Start of Block
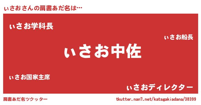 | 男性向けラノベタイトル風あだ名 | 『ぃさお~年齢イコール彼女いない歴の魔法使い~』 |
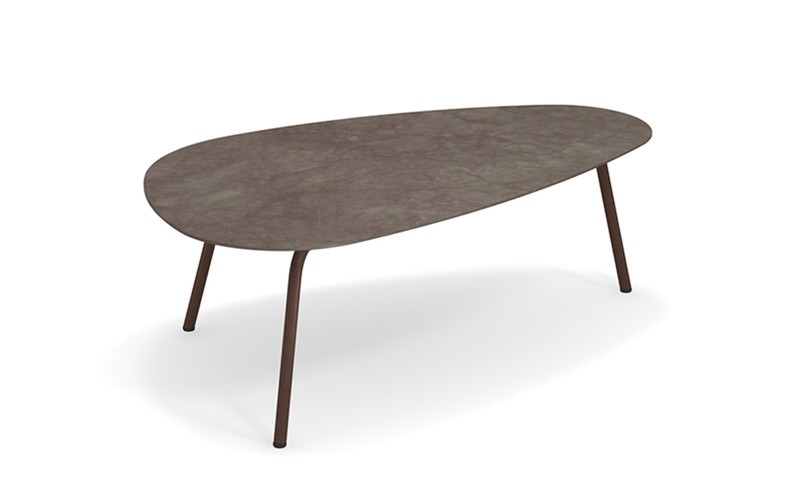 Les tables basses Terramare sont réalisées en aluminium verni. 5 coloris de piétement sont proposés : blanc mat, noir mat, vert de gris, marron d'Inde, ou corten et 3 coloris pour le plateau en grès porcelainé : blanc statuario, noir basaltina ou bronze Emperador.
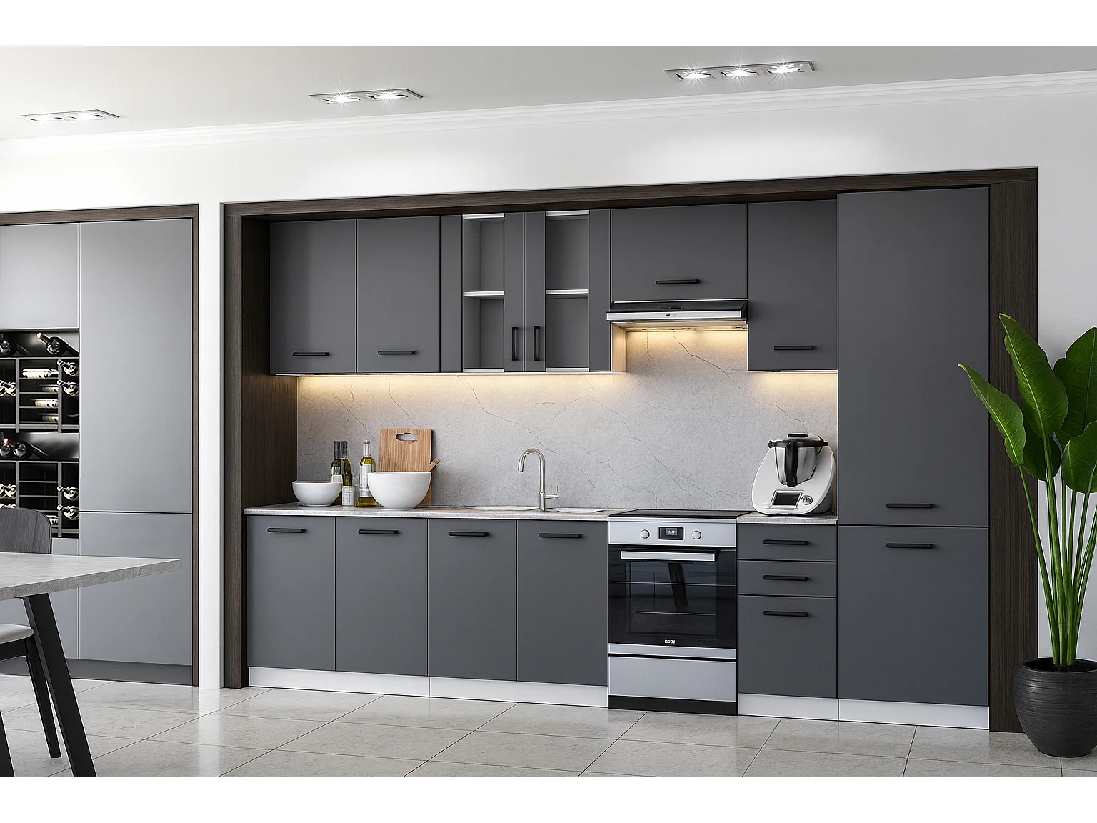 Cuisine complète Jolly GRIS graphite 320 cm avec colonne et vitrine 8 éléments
End of Block
Start of Block
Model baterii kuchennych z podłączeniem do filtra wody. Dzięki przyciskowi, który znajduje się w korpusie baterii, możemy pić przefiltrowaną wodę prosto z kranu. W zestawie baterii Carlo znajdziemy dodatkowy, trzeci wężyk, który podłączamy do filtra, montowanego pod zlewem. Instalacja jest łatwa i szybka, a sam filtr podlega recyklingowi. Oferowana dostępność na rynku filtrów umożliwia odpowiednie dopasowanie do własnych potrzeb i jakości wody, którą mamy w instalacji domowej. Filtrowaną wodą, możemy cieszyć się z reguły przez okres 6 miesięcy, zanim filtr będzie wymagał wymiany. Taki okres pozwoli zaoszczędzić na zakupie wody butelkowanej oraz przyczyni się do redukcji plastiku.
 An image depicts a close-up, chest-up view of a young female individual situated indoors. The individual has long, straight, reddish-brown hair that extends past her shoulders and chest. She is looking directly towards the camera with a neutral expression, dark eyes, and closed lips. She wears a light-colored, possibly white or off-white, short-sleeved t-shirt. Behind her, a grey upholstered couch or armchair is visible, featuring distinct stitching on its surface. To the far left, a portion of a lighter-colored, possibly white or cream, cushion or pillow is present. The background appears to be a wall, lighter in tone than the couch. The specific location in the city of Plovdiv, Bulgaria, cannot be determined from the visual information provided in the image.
End of Block
Activity: Using the data above, retype exactly the lines from the line with "男性向けラノベタイトル風あだ名 | 『ぃさお~年齢イコール彼女いない歴の魔法使い~』 |" to the line with "Les tables basses", inclusive. No pictures and nothing else.

Expected output:
 | 男性向けラノベタイトル風あだ名 | 『ぃさお~年齢イコール彼女いない歴の魔法使い~』 |
 Les tables basses Terramare sont réalisées en aluminium verni. 5 coloris de piétement sont proposés : blanc mat, noir mat, vert de gris, marron d'Inde, ou corten et 3 coloris pour le plateau en grès porcelainé : blanc statuario, noir basaltina ou bronze Emperador.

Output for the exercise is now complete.